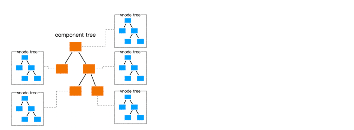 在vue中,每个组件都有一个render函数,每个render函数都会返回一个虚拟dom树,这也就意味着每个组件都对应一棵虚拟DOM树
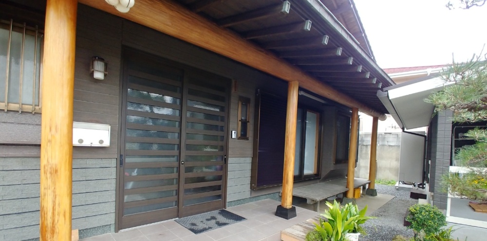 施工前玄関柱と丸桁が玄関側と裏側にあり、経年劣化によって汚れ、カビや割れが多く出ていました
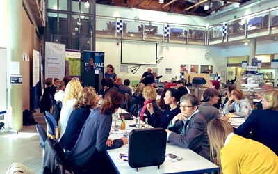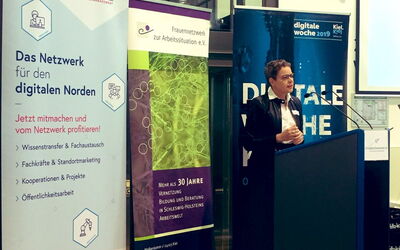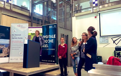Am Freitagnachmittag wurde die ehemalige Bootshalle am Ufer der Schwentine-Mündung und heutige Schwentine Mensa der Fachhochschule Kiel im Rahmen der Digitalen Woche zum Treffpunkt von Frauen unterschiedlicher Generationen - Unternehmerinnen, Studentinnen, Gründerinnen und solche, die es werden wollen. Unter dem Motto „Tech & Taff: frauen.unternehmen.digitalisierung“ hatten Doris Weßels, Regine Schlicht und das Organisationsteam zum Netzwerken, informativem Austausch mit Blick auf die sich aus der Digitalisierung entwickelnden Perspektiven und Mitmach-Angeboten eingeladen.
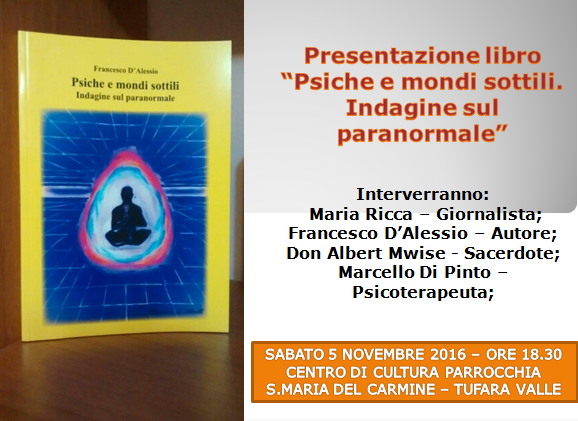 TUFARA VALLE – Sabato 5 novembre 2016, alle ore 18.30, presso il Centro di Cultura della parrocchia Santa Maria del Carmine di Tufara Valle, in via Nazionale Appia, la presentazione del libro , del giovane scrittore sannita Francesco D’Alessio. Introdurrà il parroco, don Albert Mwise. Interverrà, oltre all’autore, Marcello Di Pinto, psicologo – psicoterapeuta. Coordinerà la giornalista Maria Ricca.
--
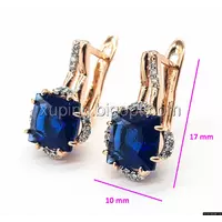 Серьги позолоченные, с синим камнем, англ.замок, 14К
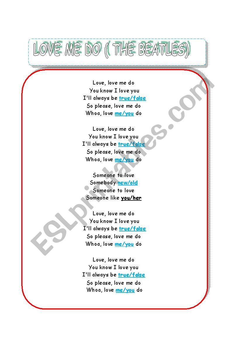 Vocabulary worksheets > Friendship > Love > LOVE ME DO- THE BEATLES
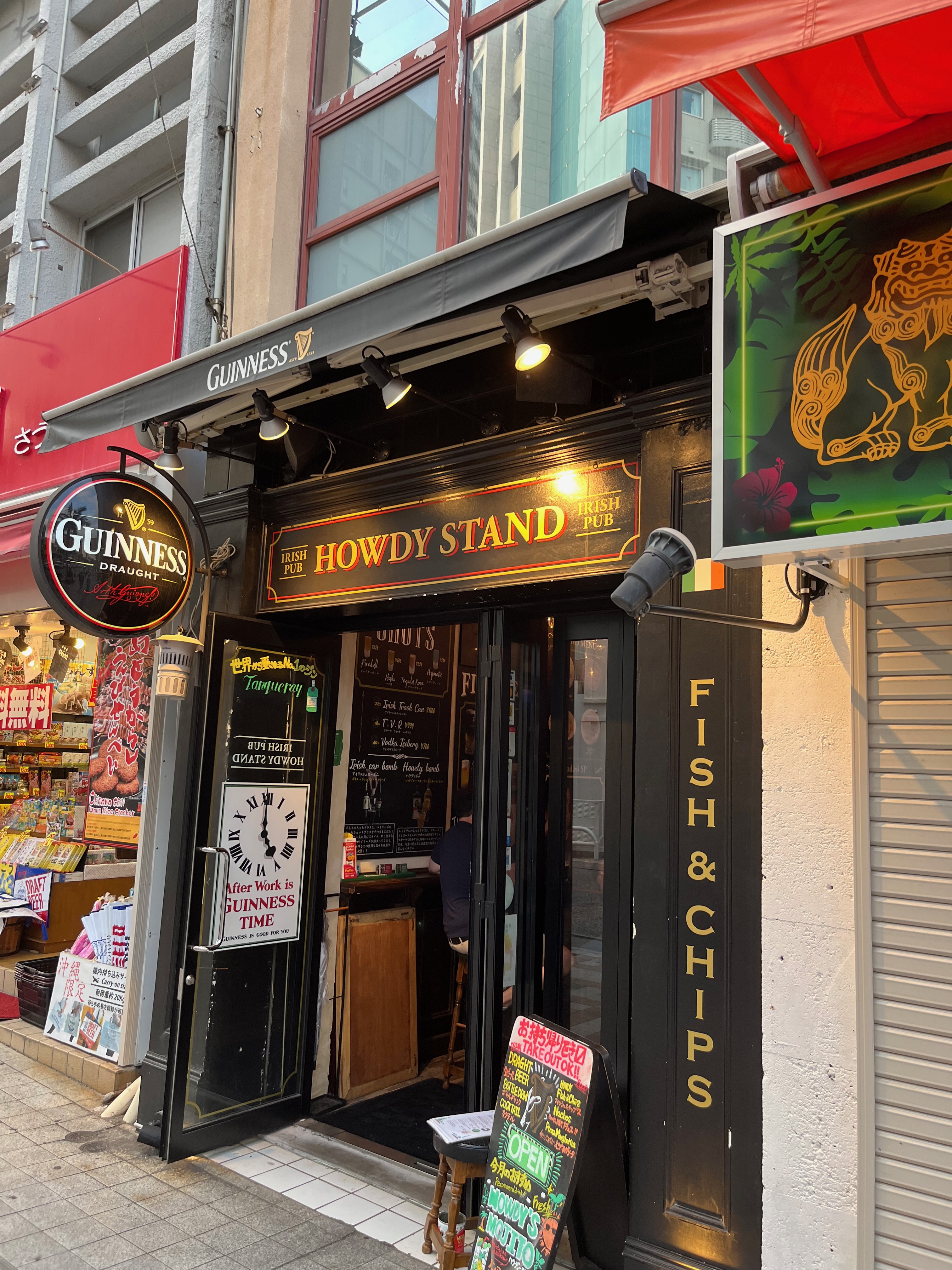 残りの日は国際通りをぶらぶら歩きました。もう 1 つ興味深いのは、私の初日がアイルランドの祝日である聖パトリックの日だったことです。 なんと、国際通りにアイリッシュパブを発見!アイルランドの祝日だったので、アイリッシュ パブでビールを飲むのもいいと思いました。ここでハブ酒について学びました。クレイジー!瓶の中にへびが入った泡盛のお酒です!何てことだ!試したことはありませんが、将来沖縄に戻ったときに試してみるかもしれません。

- _Task goal_
In the records above, everything from the line with "在vue中,每个组件都有一个" down to the line with "TUFARA VALLE –" is to be set down exactly, both ends included, with no pictures and no other lines.

- _Solved exercise_
 在vue中,每个组件都有一个render函数,每个render函数都会返回一个虚拟dom树,这也就意味着每个组件都对应一棵虚拟DOM树
 施工前玄関柱と丸桁が玄関側と裏側にあり、経年劣化によって汚れ、カビや割れが多く出ていました
Am Freitagnachmittag wurde die ehemalige Bootshalle am Ufer der Schwentine-Mündung und heutige Schwentine Mensa der Fachhochschule Kiel im Rahmen der Digitalen Woche zum Treffpunkt von Frauen unterschiedlicher Generationen - Unternehmerinnen, Studentinnen, Gründerinnen und solche, die es werden wollen. Unter dem Motto „Tech & Taff: frauen.unternehmen.digitalisierung“ hatten Doris Weßels, Regine Schlicht und das Organisationsteam zum Netzwerken, informativem Austausch mit Blick auf die sich aus der Digitalisierung entwickelnden Perspektiven und Mitmach-Angeboten eingeladen.
 TUFARA VALLE – Sabato 5 novembre 2016, alle ore 18.30, presso il Centro di Cultura della parrocchia Santa Maria del Carmine di Tufara Valle, in via Nazionale Appia, la presentazione del libro , del giovane scrittore sannita Francesco D’Alessio. Introdurrà il parroco, don Albert Mwise. Interverrà, oltre all’autore, Marcello Di Pinto, psicologo – psicoterapeuta. Coordinerà la giornalista Maria Ricca.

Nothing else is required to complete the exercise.